Statically indeterminate problem

[Queren Suriano]

Homework Statement

Calculate the stress in every segment of the system. AD and BC are laton and AB is steel.

Homework Equations

geometry compatibility-δ(A/D) +δ(A/B) - δ(C/B) = 0

F(D) - F(C) - 50 =0

The Attempt at a Solution

I supossed that DA and BC are in compression and AB is in tension. But I don't get the answer of the book, so I would like you help to understand what I am analyzing wrong.

The solution is this but I don't understand it...

 

[Chestermiller]

Is there something omitted from the figure that accounts for the fact that Fc and Fd are different? From the figure, it looks like they should be equal if the system is in static equilibrium.

Chet

 

[Queren Suriano]

Is there something omitted from the figure that accounts for the fact that Fc and Fd are different? From the figure, it looks like they should be equal if the system is in static equilibrium.

Chet

Do you refer to the figure of segment BC??

 

[Chestermiller]

Oh. I wasn't able to see them until I enlarged the figure.

Be back shortly.

Chet

 

[Chestermiller]

OK. I didn't look at what the answer key did, but I did look at what you did.

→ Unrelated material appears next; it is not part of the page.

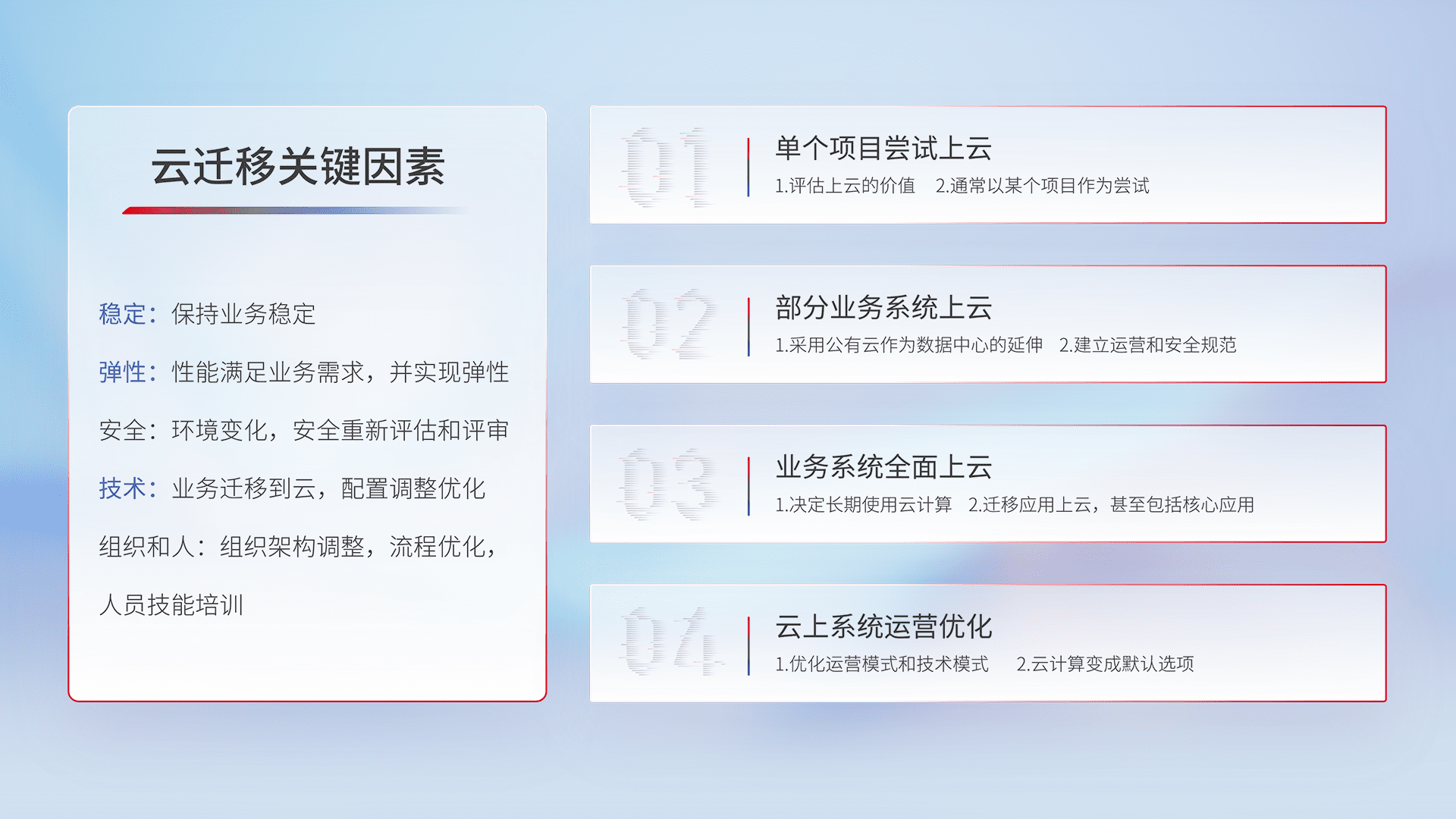 结合实际业务,,,从规划设计、、、、云平台选型、、、云原生改造、、、、数据迁移、、、集成交付,,,迁移全过程为客户识别最佳上云路径,,,做好风险识别管理,,,,设计网络架构、、、、身份权限、、安全审计合规、、、、操作审计、、、、日志审计、、监控告警策略、、、、多站点容灾设计等,,,,对云上基础设施进行整体规划,,,提升IT治理水平,,,,以满足弹性、、高可用、、、、高性能的需求。。。

You just had some sign issues. You can't arbitrarily assume that certain members are in compression and certain others are in tension. You need to let the math do the work for you. I let the δ's represent the increases in length of the three members. If they are in compression, then the signs will come out negative. So,

$$δ_{AD}+δ_{AB}+δ_{CB}=0$$
$$-\frac{F_DL_{AD}}{E_1A_1}-\frac{(F_D-150)L_{AB}}{E_2A_2}-\frac{F_CL_{CB}}{E_1A_1}=0$$

Chet

 

[Queren Suriano]

OK. I didn't look at what the answer key did, but I did look at what you did.

You just had some sign issues. You can't arbitrarily assume that certain members are in compression and certain others are in tension. You need to let the math do the work for you. I let the δ's represent the increases in length of the three members. If they are in compression, then the signs will come out negative. So,

$$δ_{AD}+δ_{AB}+δ_{CB}=0$$
$$-\frac{F_DL_{AD}}{E_1A_1}-\frac{(F_D-150)L_{AB}}{E_2A_2}-\frac{F_CL_{CB}}{E_1A_1}=0$$

Chet

OK. I didn't look at what the answer key did, but I did look at what you did.

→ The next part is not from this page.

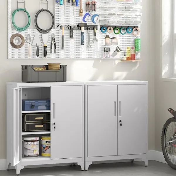 Praktiskt låsbart skåp med justerbara hyllor för säker förvaring

You just had some sign issues. You can't arbitrarily assume that certain members are in compression and certain others are in tension. You need to let the math do the work for you. I let the δ's represent the increases in length of the three members. If they are in compression, then the signs will come out negative. So,

$$δ_{AD}+δ_{AB}+δ_{CB}=0$$
$$-\frac{F_DL_{AD}}{E_1A_1}-\frac{(F_D-150)L_{AB}}{E_2A_2}-\frac{F_CL_{CB}}{E_1A_1}=0$$

Chet

 

[Queren Suriano]

But what do you write all the terms negative?Anyway if I multiplicate (-1) it turns positive; I solved assumed all terms positive and I get the correct answers, and they give possitive...So does this mean that the 3 segments are in tension?

 

[Queren Suriano]

Thanks for your help

 

[Chestermiller]

No. The way the figure is drawn, Fc and Fd are both compressional forces. So the two end sections are in compression. What does that tell you about the center section? Also, look at how the forces are applied to the ends of the center section.

Chet

 

[Queren Suriano]

No. The way the figure is drawn, Fc and Fd are both compressional forces. So the two end sections are in compression. What does that tell you about the center section? Also, look at how the forces are applied to the ends of the center section.

Chet

Ok, but in the center section If I substitute the force F(D) I obtain -42.11 kN. So the center section would be in compression, but in the answer is in tension...

 

[Chestermiller]

Ok, but in the center section If I substitute the force F(D) I obtain -42.11 kN. So the center section would be in compression, but in the answer is in tension...

Throughout this analysis, compressive stresses have consistently been treated as positive (see the figure). So, -42.11 kN means that the center member is in tension.

Chet